# Troubleshoot humidifier valve problem



## bercy46 (Nov 7, 2010)

Hi,

I have a humidifer valve that doesn't close, and so water always runs in my humidifier (this is a whole-house Honeywell humidifier).

I've got pictures of the setup here :

http://www.jpti.ca/humidifier/InFront.jpg
http://www.jpti.ca/humidifier/FromBelow.jpg
http://www.jpti.ca/humidifier/HumidifierControl.jpg
http://www.jpti.ca/humidifier/Valve.jpg

When I turn the knob on the humidifier control, I can hear a click, but it doesn't shut down the valve.
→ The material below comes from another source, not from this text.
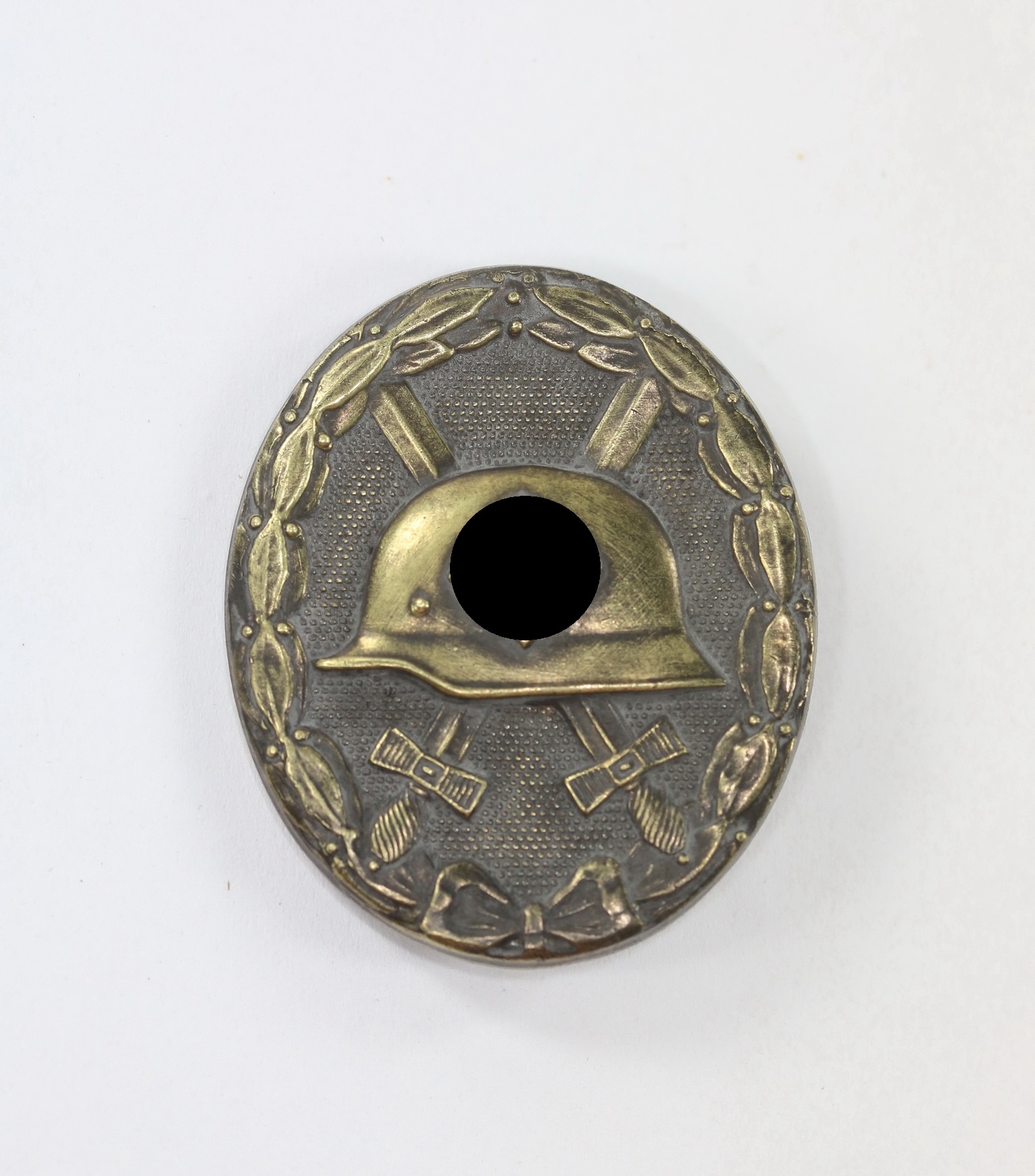 Buntmetall, sehr guter, leicht getragener Zustand. Mit schöner Schwärzung. Ohne Hersteller, aber eine bakannte Variante.

I'd like to know what the steps would be to : 

1- make sure that there is indeed a problem (e.g. are there pre-conditions I'm missing here ?)
2- determine if the control is defective or not
3- determine if the valve is defective or not.

Thanks for your help...


----------



## itzdel (Dec 2, 2011)

My guess is that you have a defective water valve. Take the cover off of your wall mounted humidifier control and disconnect one of the two wires that are connected to the control.  If the water valve does not shut off, then the valve is probably defective.  The only other possibility I can think of is, your unit may have a latching relay that has locked the valve open. Not being an expert in this area, I don't have enough knowledge to know if your system has a relay installed. You could trace the wires from the valve to their souce and disconnect one there, but I suspect this may not be practical. Perhaps one of our more experienced colleagues may have another solution.


----------



## paul52446m (Dec 2, 2011)

bercy46 said:


> Hi,
> 
> I have a humidifer valve that doesn't close, and so water always runs in my humidifier (this is a whole-house Honeywell humidifier).
> 
> ...


Is it run full open or just a small amount? If its running full amount then you need to check to see if the power is still at the valve or not. If power is not there and valve is flowing full amount, then you have a bad valve. If the power is still there then you have another problem. If it is just little amount through the valve and the power is off then there might be some lime build up on the valve seat. Paul


----------



## itzdel (Dec 3, 2011)

I aree with Paul's assessment. When I viewed the picture of the valve, it appeared to have corrosion arround the base of the actuator. You may find it easier to purchase a replacement valve than to attempt to repair the existing one. There are replacement valves that you can find on the internet that work fine and cost less than the ones that the humidifier manufacturer supplies.


----------